*** Given data Section Begins ***

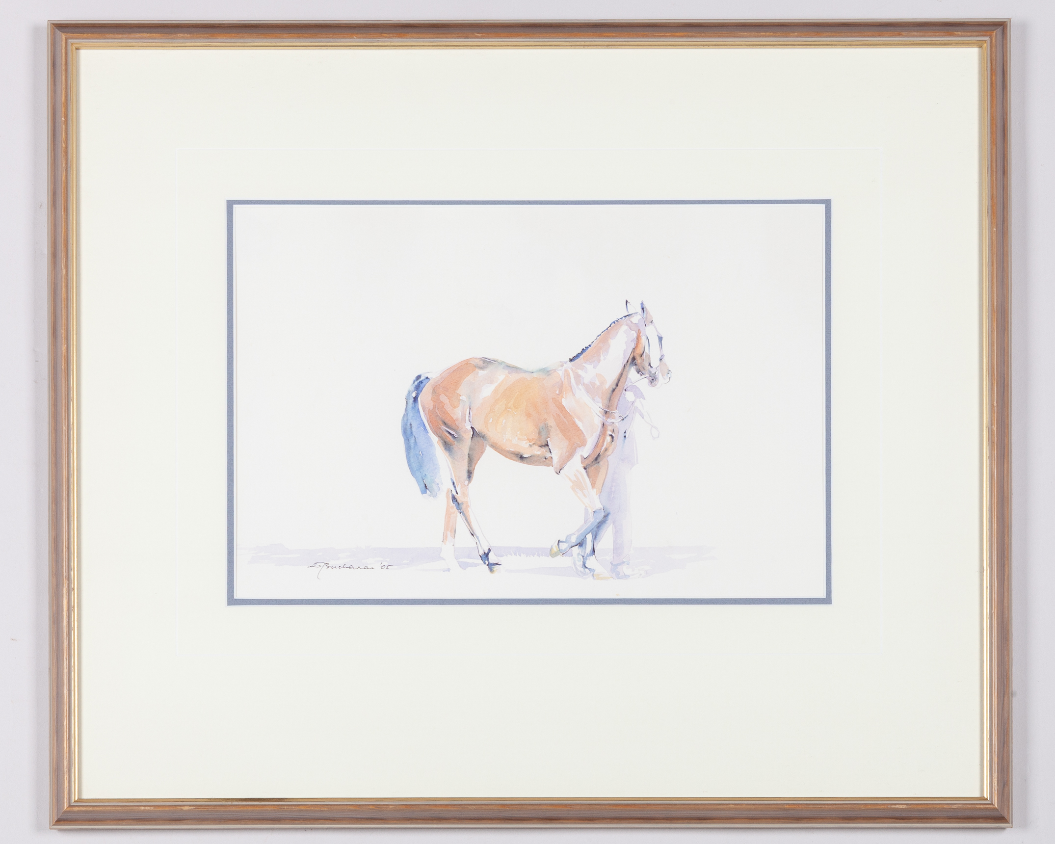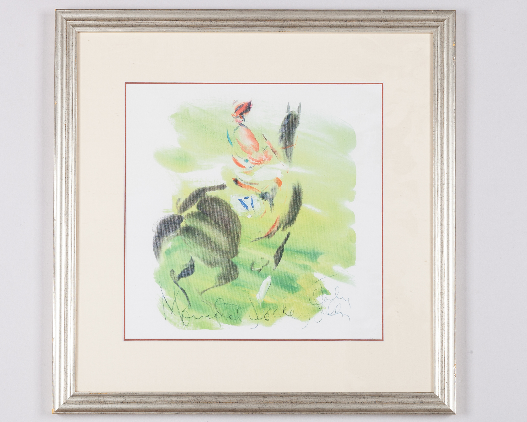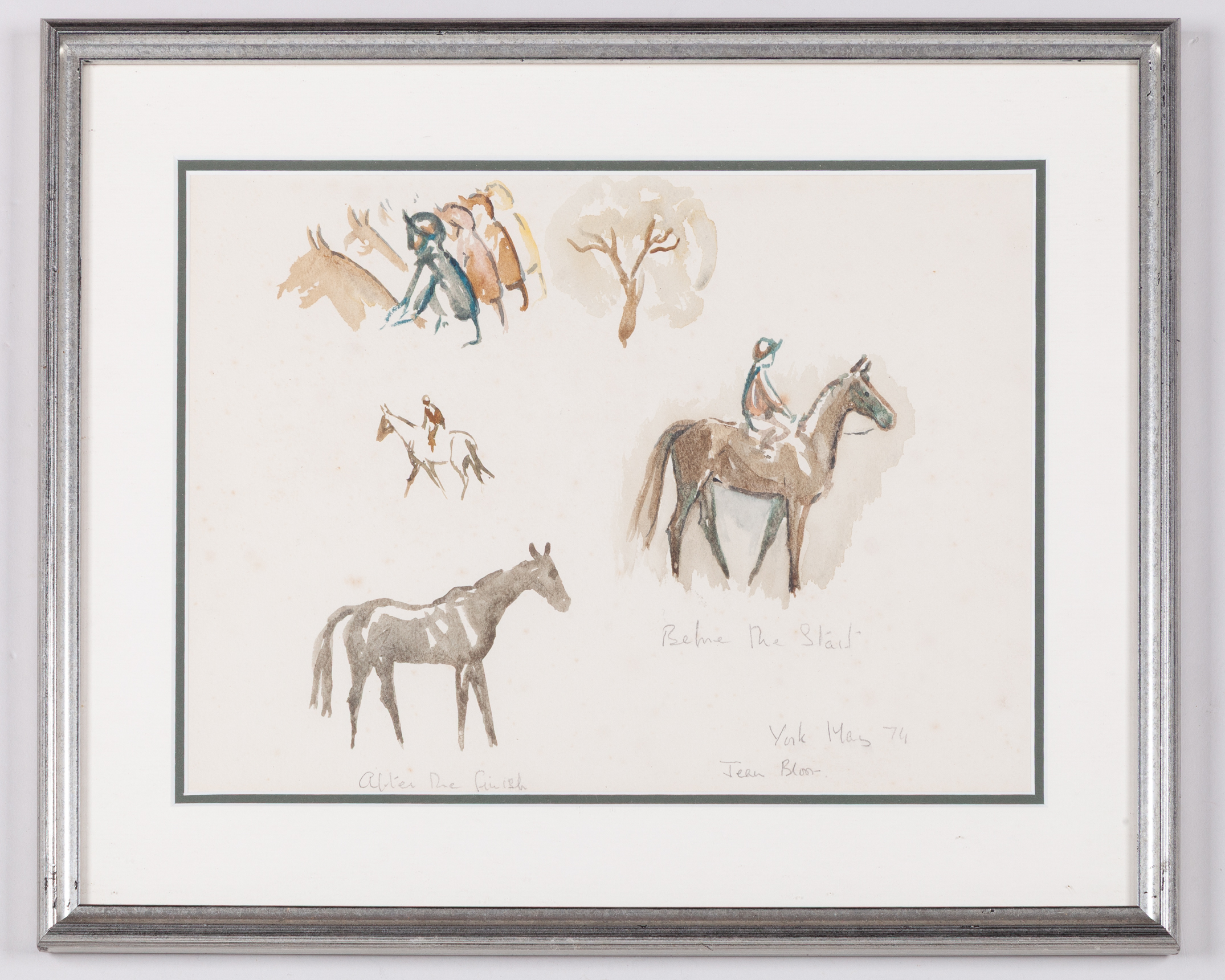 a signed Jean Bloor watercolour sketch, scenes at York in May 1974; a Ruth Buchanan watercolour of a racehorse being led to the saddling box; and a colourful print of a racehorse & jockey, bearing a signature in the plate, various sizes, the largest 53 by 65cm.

*** Given data Section Ends ***
*** Given data Section Begins ***

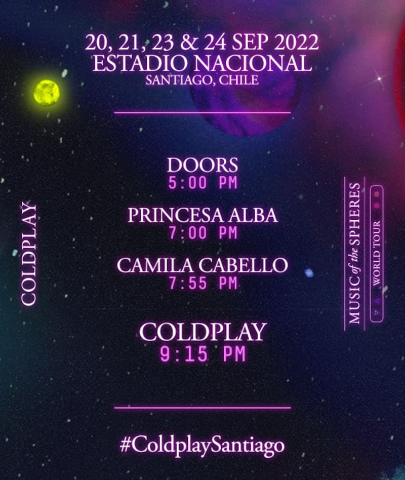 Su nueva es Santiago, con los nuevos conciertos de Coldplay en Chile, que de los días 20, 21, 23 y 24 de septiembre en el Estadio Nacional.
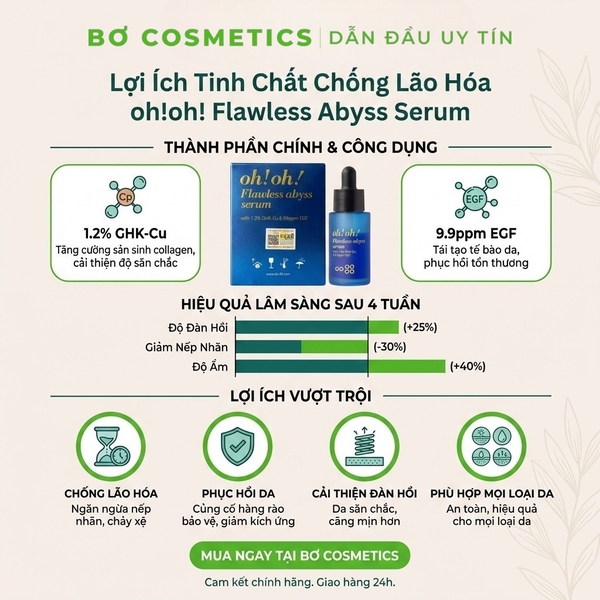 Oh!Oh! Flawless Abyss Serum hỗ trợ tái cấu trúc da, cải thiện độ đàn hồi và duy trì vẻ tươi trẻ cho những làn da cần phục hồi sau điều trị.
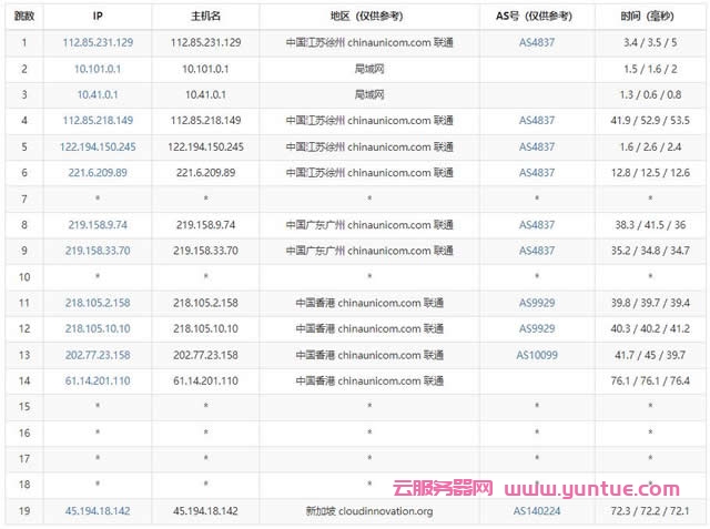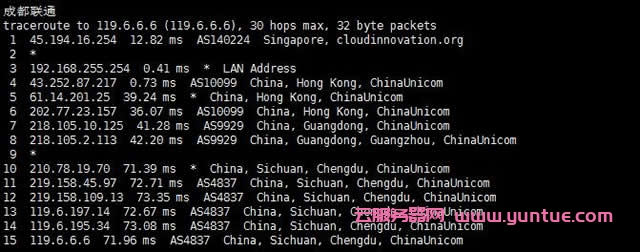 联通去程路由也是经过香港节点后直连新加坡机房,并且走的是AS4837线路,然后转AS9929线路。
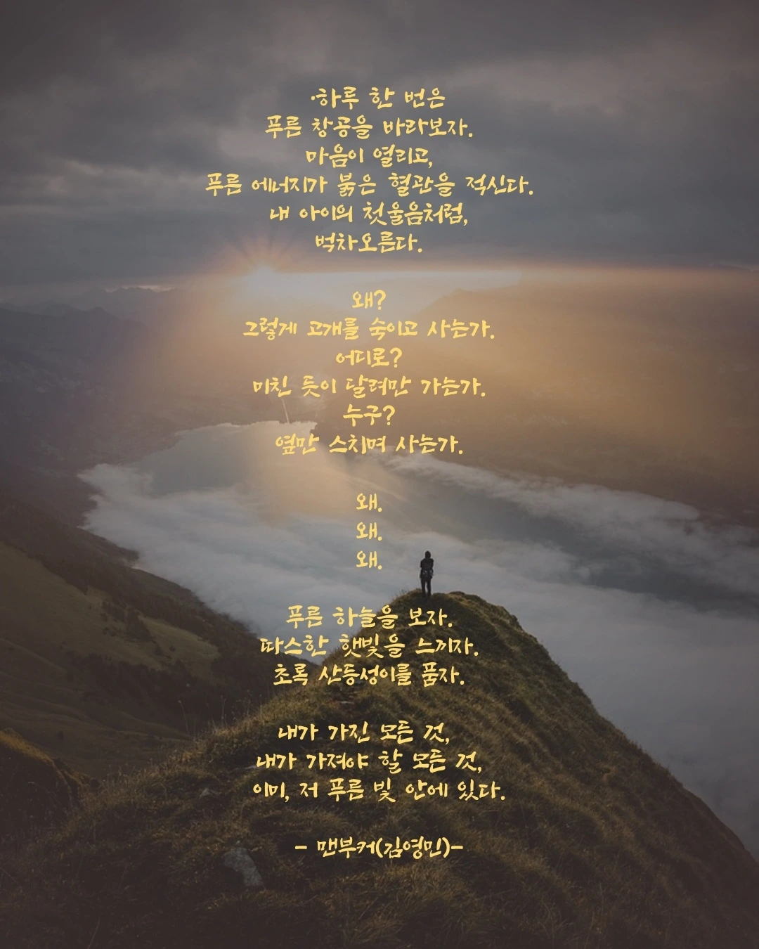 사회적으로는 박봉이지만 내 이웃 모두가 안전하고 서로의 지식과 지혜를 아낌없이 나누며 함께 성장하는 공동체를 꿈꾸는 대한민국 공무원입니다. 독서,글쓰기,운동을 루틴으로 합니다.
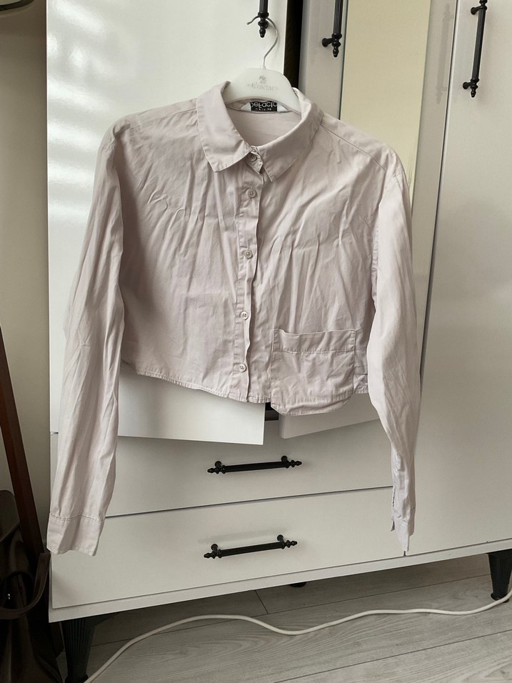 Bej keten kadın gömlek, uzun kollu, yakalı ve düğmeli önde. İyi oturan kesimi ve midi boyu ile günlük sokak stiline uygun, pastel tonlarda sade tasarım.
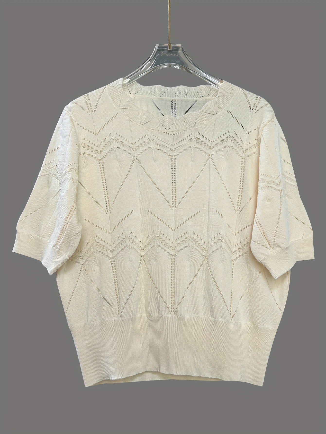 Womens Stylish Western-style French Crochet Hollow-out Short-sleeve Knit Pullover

*** Given data Section Ends ***

- _Description of the task_
Everything above from the line containing "사회적으로는 박봉이지만 내" down to the line containing "Womens Stylish Western-style" is to be duplicated exactly, both lines included, and the pictures are to be omitted.

- _Answer area_
 사회적으로는 박봉이지만 내 이웃 모두가 안전하고 서로의 지식과 지혜를 아낌없이 나누며 함께 성장하는 공동체를 꿈꾸는 대한민국 공무원입니다. 독서,글쓰기,운동을 루틴으로 합니다.
 Bej keten kadın gömlek, uzun kollu, yakalı ve düğmeli önde. İyi oturan kesimi ve midi boyu ile günlük sokak stiline uygun, pastel tonlarda sade tasarım.
 Womens Stylish Western-style French Crochet Hollow-out Short-sleeve Knit Pullover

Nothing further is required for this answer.